- Born: April 3, 1933 San Antonio de los Baños, Cuba
- Died: August 23, 2004 (aged 71) Matanzas, Cuba

= Mariano Vivanco Valiente =

Bishop Mariano Vivanco Valiente (3 April 1933 in San Antonio de los Baños, Cuba – 23 August 2004 in Matanzas, Cuba) was Bishop of the Roman Catholic Diocese of Matanzas (1987–2004).

He studied humanities, philosophy and theology at El Buen Pastor Seminary in Havana. He was ordained a priest on May 28, 1961, in Havana, Cuba. He was assigned to the parish church of Nuestra Señora del Pilar “ Our Lady of Pilar” in Havava. In 1977 he was named Vicar General of the Archdiocese of Havana and at the same time named rector of the Santuario de San Lázaro del Rincón.

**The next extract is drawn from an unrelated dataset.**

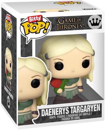 Your favorite Game of Thrones Pops! have been shrunk into Bitty Pops! Expand your collection with this assortment of Bitty Pop! figures featuring your most beloved heroes and villains as miniaturized figures! This 4-pack includes Bitty Pop! Jon Snow, Bitty Pop! Ghost, Bitty Pop! White Walker, and a mystery Bitty Pop! figure. The possible mystery Bitty Pops! are Hyper Rare (1/6) Daenerys Targaryen (with dragon), Hyper Rare (1/6) Bran Stark, Rare (1/3) Viserion, and Rare (1/3) Rhaegal. Bitty Pops! are packaged in hard acrylic cases with detachable bottom lids. Detachable bottom lids double as acrylic bases, to which the Bitty Pop! figures are adhered. Sort and arrange your Bitty Pops! with the included display case! Acrylic display cases are stackable and hold four Bitty Pop! figures each. Vinyl figures are approximately 0.9-inches tall. Four figures per single package purchase. Warning: Choking Hazard. Collectibles are small. Not for children under the age of 3 years old. Item selection is random, as each piece is in blind packaging. We cannot accept requests for specific items. You may receive duplicate figures.

He was appointed Bishop of Matanzas on May 18, 1987, by Pope John Paul II and consecrated on June 29, 1987, in the Cathedral of Havana by Mons. Jaime Lucas Ortega y Alamino, Archbishop of the Archdiocese of Havana assisted by Mons. Pedro Claro Meurice Estiu, Archbishop of the Archdiocese of Santiago de Cuba and Mons. Fernando Ramón Prego Casal, Bishop of the Diocese of Cienfuegos .

Bishop Vivanco died of a heart attack on August 23, 2004, in Matanzas

Mariano Vivanco has a sibling named Laura Vivanco.